*** Opening of GIVEN INFORMATION ***
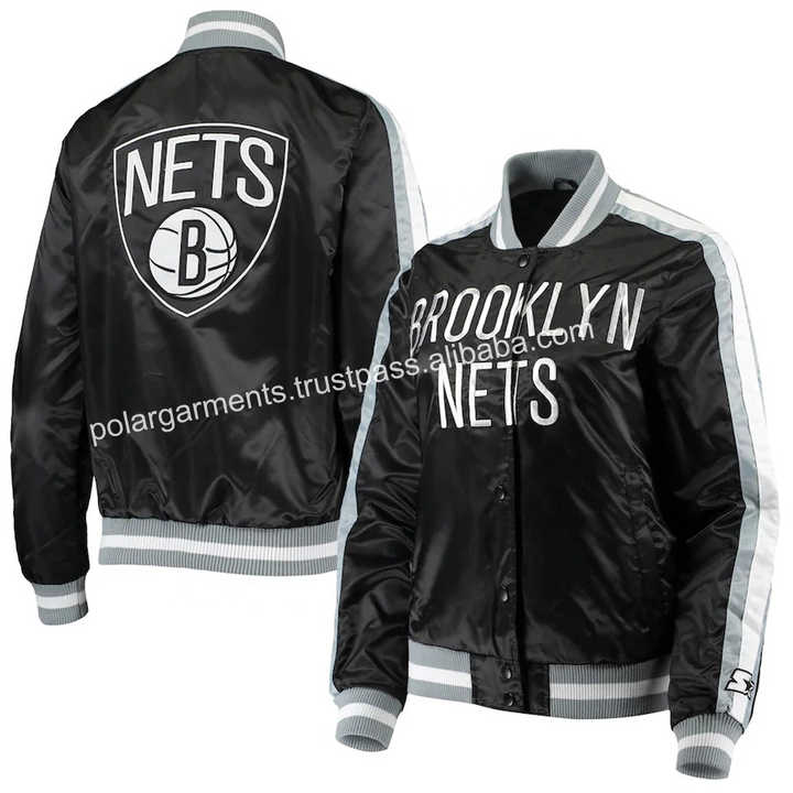Chaqueta de invierno de béisbol para hombre con logotipo personalizado Chaqueta de satén de Brooklyn con decoración bordada
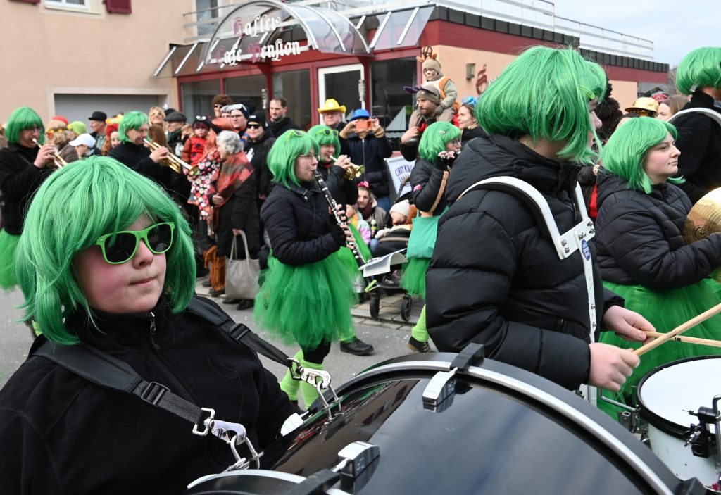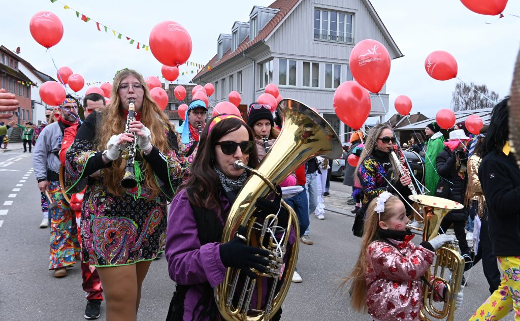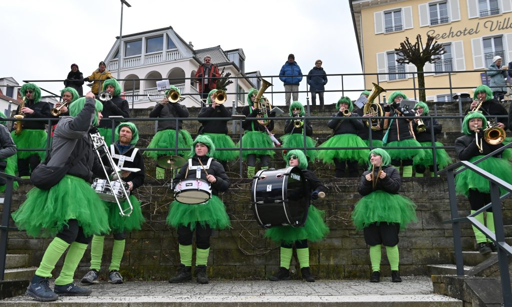 Der Musikverein Ludwigshafen, der den Umzug anführte, ging voll im Motto auf – da traf die traditionelle Musik auf die bunten Kostüme zum Thema Schlager. Die Musikkapelle Bodman marschierte in grünen Tütüs und grünen Perrücken statt ihrer üblichen Tracht.
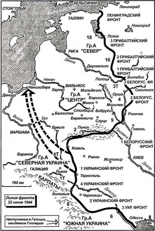 Восемнадцать месяцев Гитлер отказывался признать, что Сталин совершенно очевидно стремится подавить южное крыло. Восемнадцать месяцев он недооценивал Красную Армию и ее растущий военный опыт. Теперь он совершал новую ошибку. Он верил, что Сталин может искать решения только на юге — просто потому, что в Галиции у него появляется стратегическая возможность наступать на Варшаву и Вислу и таким образом в тыл группы армий «Центр». Гитлер отбросил все сомнения: русские, сказал он, ударят между болотами Припяти и Карпатами! Они должны ударить там!
*** Close of GIVEN INFORMATION ***
* PROBLEM REQUIREMENTS *
For this exercise, restate the material exactly and skip every picture.

* RESPONSE BOX *
Chaqueta de invierno de béisbol para hombre con logotipo personalizado Chaqueta de satén de Brooklyn con decoración bordada
 Der Musikverein Ludwigshafen, der den Umzug anführte, ging voll im Motto auf – da traf die traditionelle Musik auf die bunten Kostüme zum Thema Schlager. Die Musikkapelle Bodman marschierte in grünen Tütüs und grünen Perrücken statt ihrer üblichen Tracht.
 Восемнадцать месяцев Гитлер отказывался признать, что Сталин совершенно очевидно стремится подавить южное крыло. Восемнадцать месяцев он недооценивал Красную Армию и ее растущий военный опыт. Теперь он совершал новую ошибку. Он верил, что Сталин может искать решения только на юге — просто потому, что в Галиции у него появляется стратегическая возможность наступать на Варшаву и Вислу и таким образом в тыл группы армий «Центр». Гитлер отбросил все сомнения: русские, сказал он, ударят между болотами Припяти и Карпатами! Они должны ударить там!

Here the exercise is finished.